My setup is as follows : An Amazon S3 bucket that stores images and another S3 bucket that stores the thumbnail of the images. The goal is whenever a new image is uploaded to the first bucket, a Lambda function is triggered, reads the image from the first bucket, creates a thumbnail and stores it in the second bucket. The issue that I'm facing is that this procedure works perfectly when the images are small in size but when the image size gets bigger, I run out of Java heap space when reading the image.

Note: I CANNOT increase the Java heap size of the AWS Lambda function, it is at the max permissible amount already.

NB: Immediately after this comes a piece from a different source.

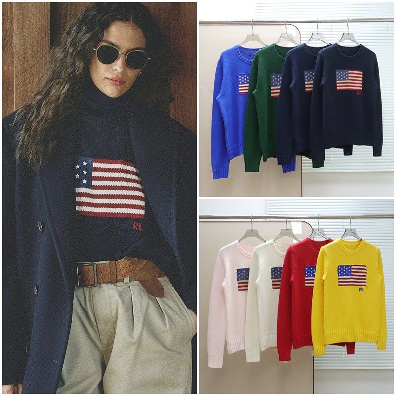 📚 美式老钱风蓝标 女款 星条旗提花圆领长袖针织毛衣 E595

The code I use is as follows:

        AmazonS3 s3Client = new AmazonS3Client();
        S3Object s3Object = s3Client.getObject(new GetObjectRequest(srcBucket, srcKey));
        InputStream objectData = s3Object.getObjectContent();

        System.out.println("Reading source image");
        BufferedImage srcImage = ImageIO.read(objectData);

The ImageIO.read() throws the following error when trying to read in a 200 MB image:

        Java heap space: java.lang.OutOfMemoryError java.lang.OutOfMemoryError: Java heap space 
        at java.awt.image.DataBufferByte.<init>(DataBufferByte.java:92) 
        at java.awt.image.ComponentSampleModel.createDataBuffer(ComponentSampleModel.java:445) 
        at java.awt.image.Raster.createWritableRaster(Raster.java:941) 
        at javax.imageio.ImageTypeSpecifier.createBufferedImage(ImageTypeSpecifier.java:1074) 
        at javax.imageio.ImageReader.getDestination(ImageReader.java:2892) 
        at com.sun.imageio.plugins.jpeg.JPEGImageReader.readInternal(JPEGImageReader.java:1071) 
        at com.sun.imageio.plugins.jpeg.JPEGImageReader.read(JPEGImageReader.java:1039) 
        at javax.imageio.ImageIO.read(ImageIO.java:1448) 
        at javax.imageio.ImageIO.read(ImageIO.java:1352)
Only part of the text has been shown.